Luvsandendev Sumati, who runs Sant Maral with funding from Germany's Konrad Adenauer Foundation, says many Mongolians doubt the state has either the inclination or the know-how to use mining profits to stimulate the economy.

The Boroo gold mine outside of Zuunkharaa
"The government, from the very beginning, showed neither transparency nor effectiveness nor professionalism in solving this issue," Sumati says. "If the agreement had been done in a professional way, we could have settled the issue before the global financial crisis started. We could have gotten much better terms than we have now."

The Mongolian Constitution states that the country's vast grazing lands are common property.
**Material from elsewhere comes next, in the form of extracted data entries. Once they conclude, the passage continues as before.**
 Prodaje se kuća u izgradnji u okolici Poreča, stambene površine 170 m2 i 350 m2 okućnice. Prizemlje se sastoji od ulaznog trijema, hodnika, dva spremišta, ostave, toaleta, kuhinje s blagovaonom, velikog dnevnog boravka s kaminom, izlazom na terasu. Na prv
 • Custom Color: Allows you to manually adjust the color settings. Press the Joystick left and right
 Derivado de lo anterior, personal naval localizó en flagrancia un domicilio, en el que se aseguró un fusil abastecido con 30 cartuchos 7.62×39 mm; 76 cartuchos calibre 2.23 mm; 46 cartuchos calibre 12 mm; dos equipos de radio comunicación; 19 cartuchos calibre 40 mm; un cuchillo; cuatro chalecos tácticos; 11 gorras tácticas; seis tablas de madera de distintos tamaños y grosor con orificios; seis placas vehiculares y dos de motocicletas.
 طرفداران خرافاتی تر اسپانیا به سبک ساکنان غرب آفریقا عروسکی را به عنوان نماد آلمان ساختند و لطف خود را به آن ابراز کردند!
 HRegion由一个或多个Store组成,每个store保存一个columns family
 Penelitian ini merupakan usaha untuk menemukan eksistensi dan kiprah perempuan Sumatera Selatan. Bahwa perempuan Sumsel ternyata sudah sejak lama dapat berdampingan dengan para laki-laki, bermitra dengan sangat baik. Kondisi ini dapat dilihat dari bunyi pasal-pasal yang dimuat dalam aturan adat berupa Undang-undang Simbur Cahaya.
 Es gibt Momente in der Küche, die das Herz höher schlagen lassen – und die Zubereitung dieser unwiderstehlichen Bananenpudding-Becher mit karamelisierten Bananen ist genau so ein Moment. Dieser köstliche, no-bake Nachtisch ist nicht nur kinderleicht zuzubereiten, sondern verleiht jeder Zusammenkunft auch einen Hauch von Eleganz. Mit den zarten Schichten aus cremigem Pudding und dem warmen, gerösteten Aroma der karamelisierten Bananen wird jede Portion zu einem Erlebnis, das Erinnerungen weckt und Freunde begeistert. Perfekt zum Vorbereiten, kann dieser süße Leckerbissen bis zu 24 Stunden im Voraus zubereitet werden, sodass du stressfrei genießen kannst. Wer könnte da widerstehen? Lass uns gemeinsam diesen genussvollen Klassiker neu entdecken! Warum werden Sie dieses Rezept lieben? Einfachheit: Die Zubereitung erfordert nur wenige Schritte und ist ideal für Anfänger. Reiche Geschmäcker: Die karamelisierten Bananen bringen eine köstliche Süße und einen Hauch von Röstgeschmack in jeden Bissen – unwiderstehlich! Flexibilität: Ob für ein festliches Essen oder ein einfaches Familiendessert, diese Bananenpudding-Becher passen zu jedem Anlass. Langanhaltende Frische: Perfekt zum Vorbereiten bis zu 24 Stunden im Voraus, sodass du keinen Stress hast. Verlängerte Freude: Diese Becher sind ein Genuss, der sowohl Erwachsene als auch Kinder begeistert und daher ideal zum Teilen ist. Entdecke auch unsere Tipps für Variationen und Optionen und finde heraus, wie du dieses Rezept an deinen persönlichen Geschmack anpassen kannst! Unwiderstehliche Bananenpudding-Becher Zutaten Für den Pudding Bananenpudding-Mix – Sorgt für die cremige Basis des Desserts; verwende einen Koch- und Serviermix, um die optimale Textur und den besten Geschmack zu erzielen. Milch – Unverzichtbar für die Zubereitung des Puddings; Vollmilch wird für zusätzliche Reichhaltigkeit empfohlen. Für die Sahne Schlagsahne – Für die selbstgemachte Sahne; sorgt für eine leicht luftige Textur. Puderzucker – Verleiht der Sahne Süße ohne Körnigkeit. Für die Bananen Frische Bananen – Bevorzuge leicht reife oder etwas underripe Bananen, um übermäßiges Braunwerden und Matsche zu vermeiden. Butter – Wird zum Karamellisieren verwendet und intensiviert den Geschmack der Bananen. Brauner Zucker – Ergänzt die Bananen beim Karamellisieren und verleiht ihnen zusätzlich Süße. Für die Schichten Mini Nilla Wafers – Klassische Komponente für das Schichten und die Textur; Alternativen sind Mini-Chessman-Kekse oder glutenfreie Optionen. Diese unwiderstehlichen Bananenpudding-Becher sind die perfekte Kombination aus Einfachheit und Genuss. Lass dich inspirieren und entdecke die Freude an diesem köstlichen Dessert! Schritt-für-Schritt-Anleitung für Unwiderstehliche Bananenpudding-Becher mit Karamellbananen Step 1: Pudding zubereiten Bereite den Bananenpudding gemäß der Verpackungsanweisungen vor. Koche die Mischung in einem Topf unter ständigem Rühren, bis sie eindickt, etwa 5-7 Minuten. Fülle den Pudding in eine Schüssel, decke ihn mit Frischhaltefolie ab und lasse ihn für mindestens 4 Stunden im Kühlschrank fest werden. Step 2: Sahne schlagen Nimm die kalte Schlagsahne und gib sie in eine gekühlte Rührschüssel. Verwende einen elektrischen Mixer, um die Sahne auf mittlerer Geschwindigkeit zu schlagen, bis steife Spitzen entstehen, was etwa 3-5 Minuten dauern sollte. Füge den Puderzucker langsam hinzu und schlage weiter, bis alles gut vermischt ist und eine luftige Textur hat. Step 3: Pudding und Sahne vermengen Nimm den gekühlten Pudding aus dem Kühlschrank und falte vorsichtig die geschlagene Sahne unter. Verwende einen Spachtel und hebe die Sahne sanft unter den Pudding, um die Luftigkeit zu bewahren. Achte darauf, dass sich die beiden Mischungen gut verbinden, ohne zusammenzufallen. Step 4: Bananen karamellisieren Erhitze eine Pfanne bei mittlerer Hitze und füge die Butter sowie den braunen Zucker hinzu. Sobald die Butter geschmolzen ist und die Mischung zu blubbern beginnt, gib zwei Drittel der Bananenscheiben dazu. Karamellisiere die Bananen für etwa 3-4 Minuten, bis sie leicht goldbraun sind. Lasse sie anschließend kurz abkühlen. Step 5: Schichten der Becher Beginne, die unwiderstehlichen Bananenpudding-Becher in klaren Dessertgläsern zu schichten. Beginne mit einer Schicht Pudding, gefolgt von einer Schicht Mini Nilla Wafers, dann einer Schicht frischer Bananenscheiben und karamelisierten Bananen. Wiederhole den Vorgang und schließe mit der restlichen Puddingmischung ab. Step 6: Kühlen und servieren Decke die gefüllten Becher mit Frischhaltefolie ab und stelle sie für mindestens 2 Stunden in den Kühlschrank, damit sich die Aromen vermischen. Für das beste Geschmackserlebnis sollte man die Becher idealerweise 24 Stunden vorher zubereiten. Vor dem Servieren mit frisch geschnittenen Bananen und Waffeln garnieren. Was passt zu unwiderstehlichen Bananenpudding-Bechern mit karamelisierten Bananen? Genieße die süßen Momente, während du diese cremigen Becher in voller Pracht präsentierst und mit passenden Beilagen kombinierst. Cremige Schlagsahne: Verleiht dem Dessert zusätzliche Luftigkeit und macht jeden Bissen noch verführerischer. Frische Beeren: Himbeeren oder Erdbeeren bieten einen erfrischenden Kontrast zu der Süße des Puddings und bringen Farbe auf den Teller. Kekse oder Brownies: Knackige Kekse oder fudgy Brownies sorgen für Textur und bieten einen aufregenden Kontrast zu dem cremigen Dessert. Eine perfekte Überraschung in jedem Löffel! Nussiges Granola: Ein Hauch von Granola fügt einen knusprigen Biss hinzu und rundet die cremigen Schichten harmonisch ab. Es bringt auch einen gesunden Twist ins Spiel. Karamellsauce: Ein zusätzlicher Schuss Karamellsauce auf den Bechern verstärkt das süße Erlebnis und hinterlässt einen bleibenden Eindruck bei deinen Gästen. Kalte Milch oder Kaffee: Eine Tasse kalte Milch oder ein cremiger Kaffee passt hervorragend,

It's a nod to the country's communal herding traditions. But many Mongolians, angered by the massive influx of foreign mining firms, also see it as an opportunity to mine the land themselves.
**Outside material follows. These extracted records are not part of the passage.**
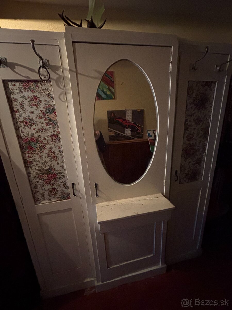 Vintage satnikova skrina vhodna do predsiene, po oboch stranach policky, v strede miesto na zavesenie oblecenia. Kusok z 80tych rokov. Iba osobny odber KE
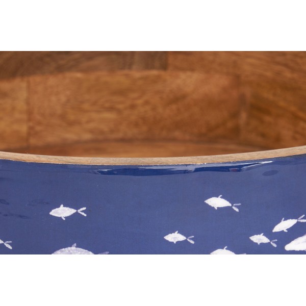 Bowl made of bamboo wood and enameled inside with fishes printed.
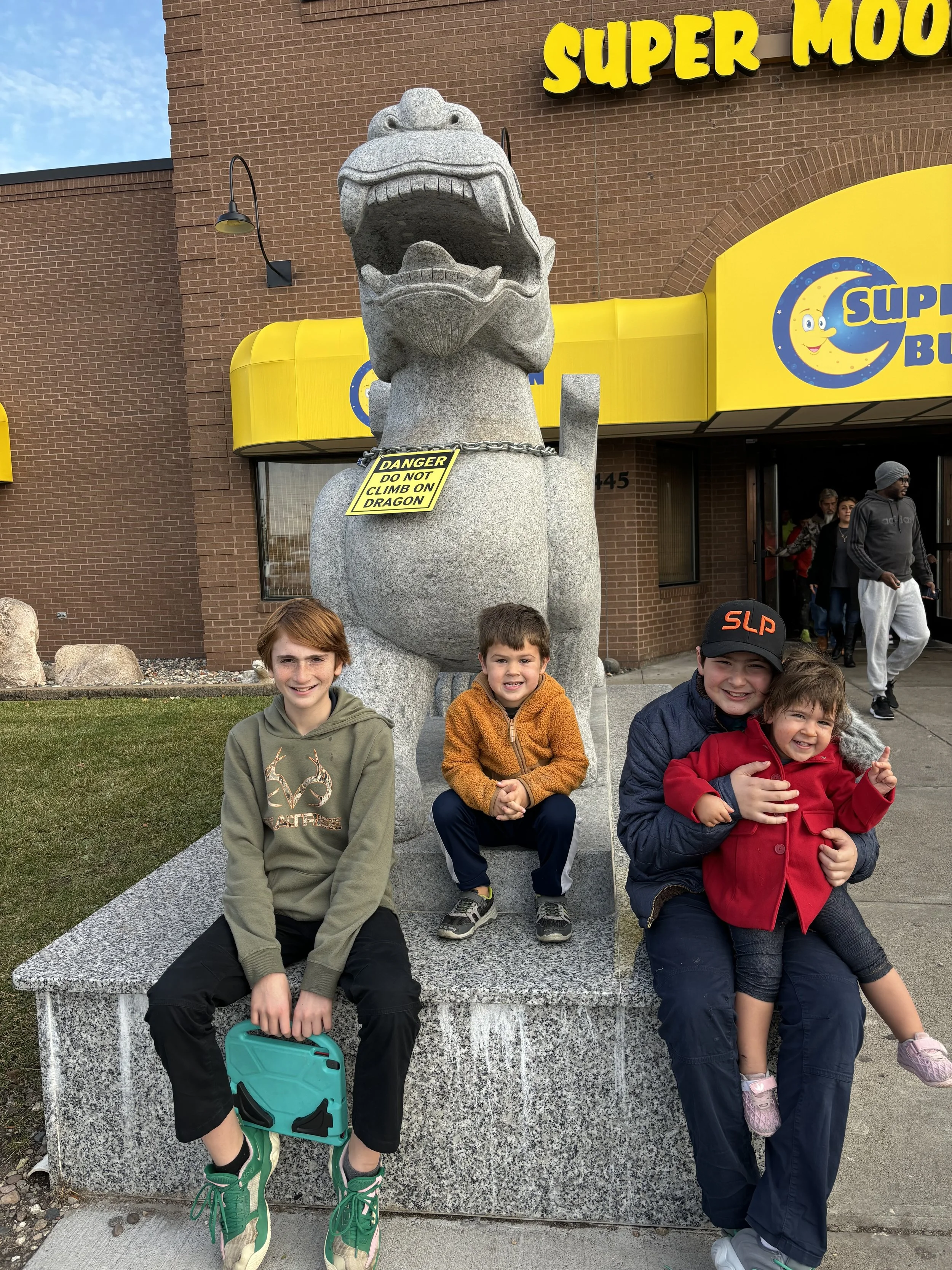 Four happy (and very full) kiddos after conquering the buffet—because family adventures are always better with egg rolls!

Thousands of Mongolians now engage in illicit mining, often using dangerous chemicals like cyanide to harvest a living from small deposits of gold and other metals.

Some "ninja miners," as they're known, work alone, carrying their equipment on their back; others as part of a complex team involving heavy equipment and sites so sophisticated and heavily guarded they resemble legal mining operations.
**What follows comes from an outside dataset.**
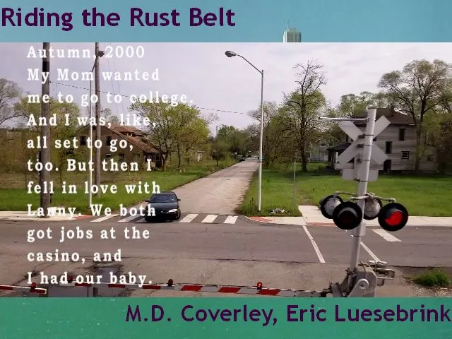 Screenshots of "Legends of Michigami" — A photograph of a junction on an American road, with a white poem scrolling vertically up the page.
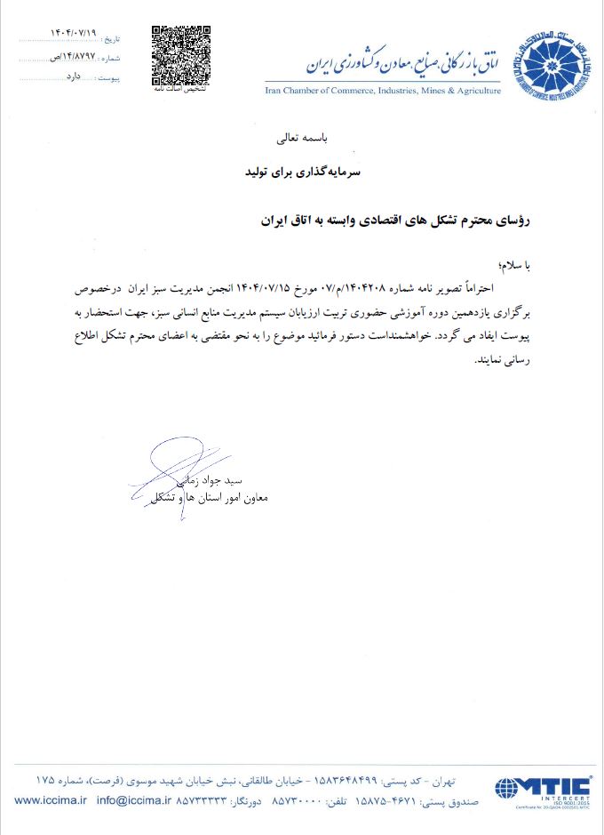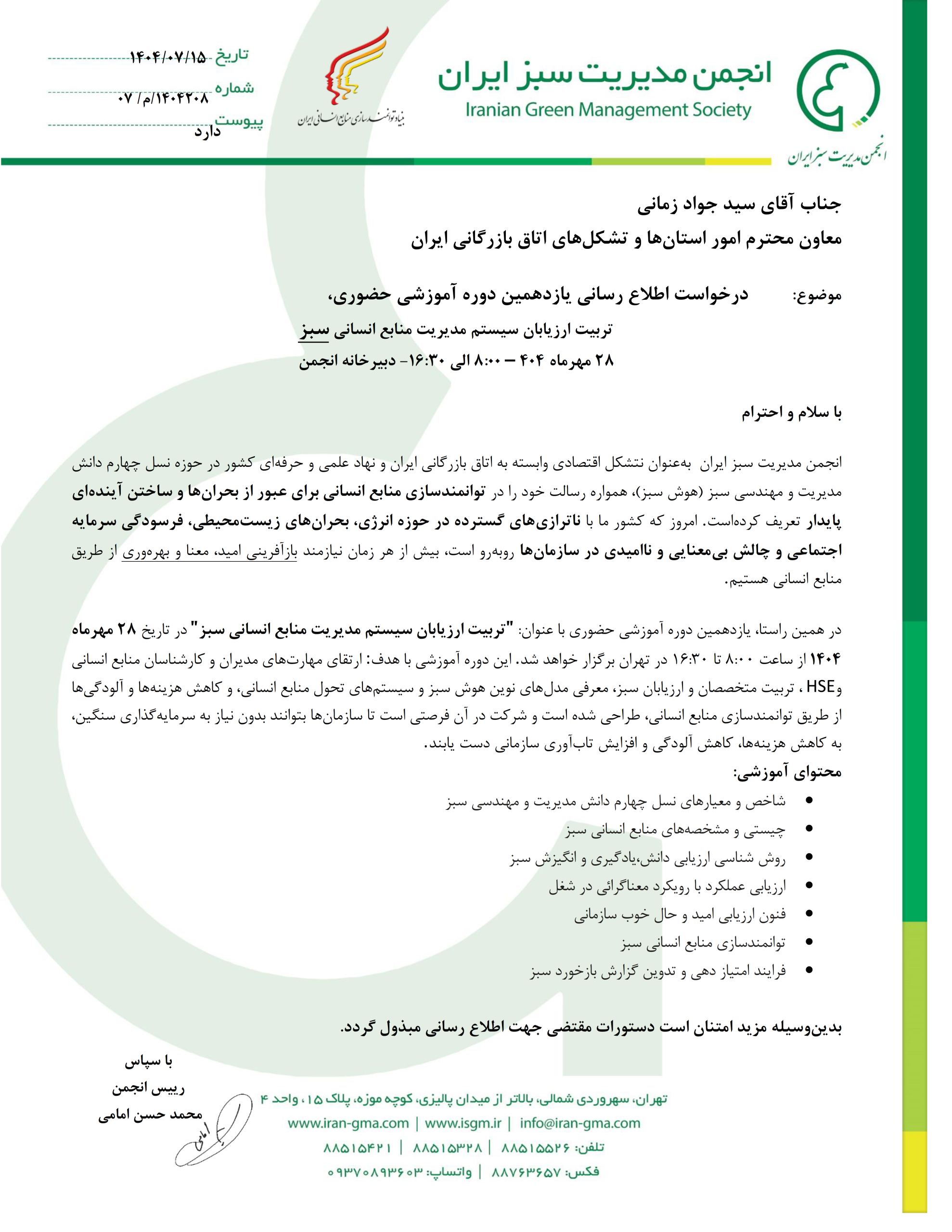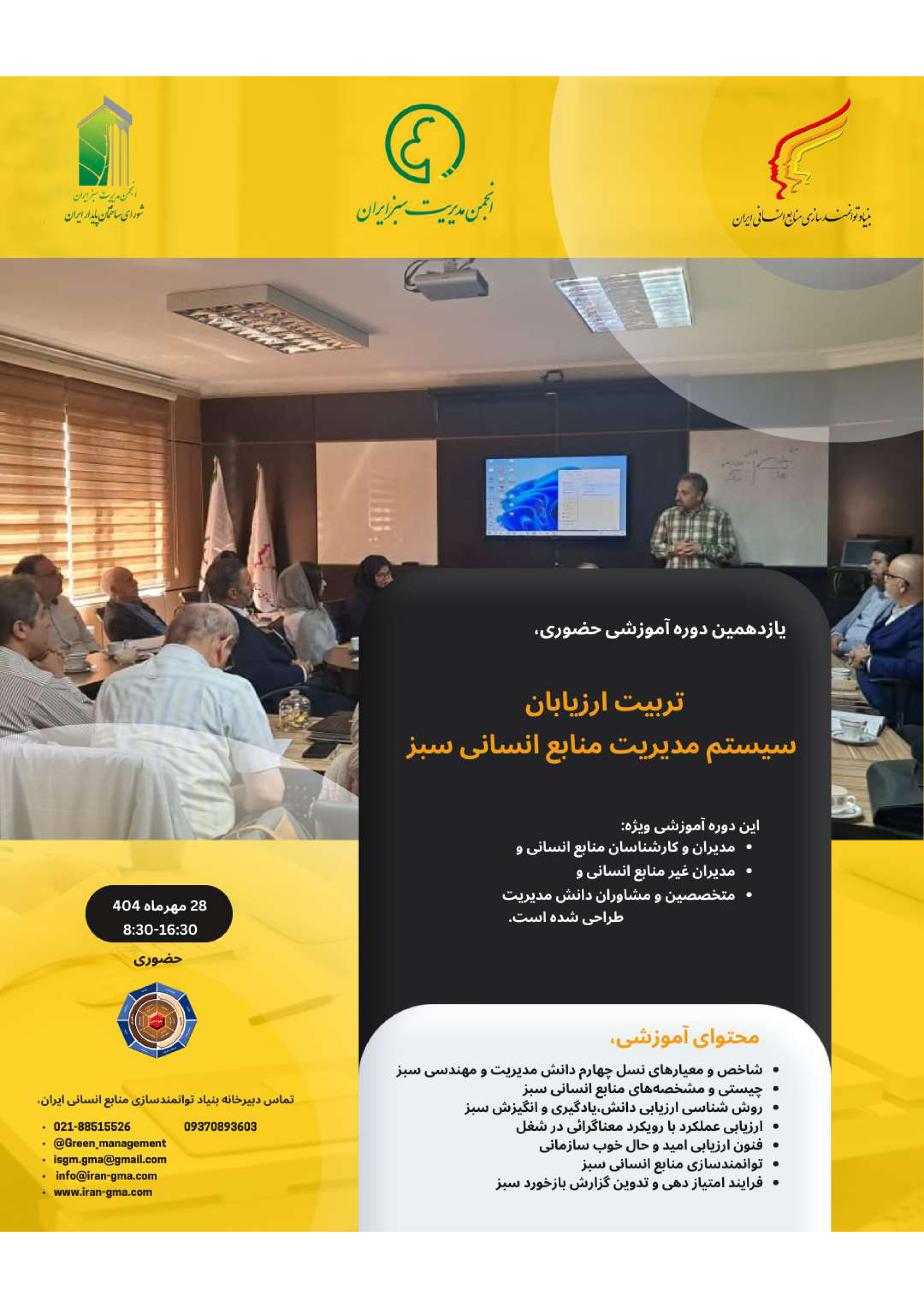 یازدهمین دوره آموزشی حضوری تربیت ارزیابان سیستم مدیریت منابع انسانی سبز

Damdinjamts Tuya of the Zuunkharaa NGO works to persuade ninja miners to abandon the dangerous chemicals and adopt mining practices that are safer for themselves and the land. But she says the ninjas will never give up mining altogether.

"The law says the land belongs to everyone. The ninjas are taking that too literally. They think that because they're Mongolian, they can go wherever they want to and dig for gold," Tuya says.

"They do it because the foreign companies in Mongolia are digging up gold and exporting it without paying any tax, so they feel it's unfair. Boroo Gold and Centerra Gold are near our village, and we talk about the fact that they're taking the gold."

Hope For Change

If the silent streets of Zuunkharaa are one extreme in Mongolia, the swank interiors of Ulan Bator's five-star hotels are another. Here, young Mongolians in elegant black suits and precision eyewear sweep in from the dusty streets of the capital for meetings or drinks, looking very much like the up-and-coming generation of a prosperous, stable nation where no one needs to dig for gold.

But even habitues of gleaming hotel restaurants know life remains grim for many Mongolians.

Luvsandendev Sumati (left) of Sant Maral polling agency, with Green Party lawmaker Dangaasuren Enkhbat
Lawmaker Sanjaasuren Oyun -- whose late brother, Zorig, was one of the leaders of Mongolia's 1990 democratic revolution -- today wears a polished pinstripe suit and, like many Mongolian politicians, is an expert in mining issues. She was the first Mongolian to earn a doctorate in mining metallurgy at Cambridge University, and once worked for Rio Tinto in London.

Oyun concedes that the early promise of democratic change in Mongolia has not delivered for the country's poor, and that the government must act to improve living standards across the board. "If your life isn't better than it was 20 years ago," she imagines people musing, "what was the point of moving to a market economy?"

"Despite the problems, I think we've achieved a lot," Oyun says. "We are a vibrant, multiparty parliamentary democracy. The main challenge now, I feel, is delivering better living standards to people, delivering better economic growth. I understand that it's not only democracy that leads to development, but other factors -- geography, the market, infrastructure. It's not very simple."

Pollster Sumati can only concur. "Mongolia's transition may be over," he says, "but its social transformation is not."

It's an evolution he says will take another decade or more. Fortunately, he says, his subjects, the Mongolian public, are accustomed to taking the long view. Frustration with chronic poverty may be mounting, but statistically, most Mongolians still believe the country took the right step back in 1990.

"We asked, was the transition to democracy and market economy a right step or a wrong step? So we've traced this question since 1995, and over 80 percent of our population still considers that it was a right step," Sumati says. "Nobody in Mongolia is looking backward."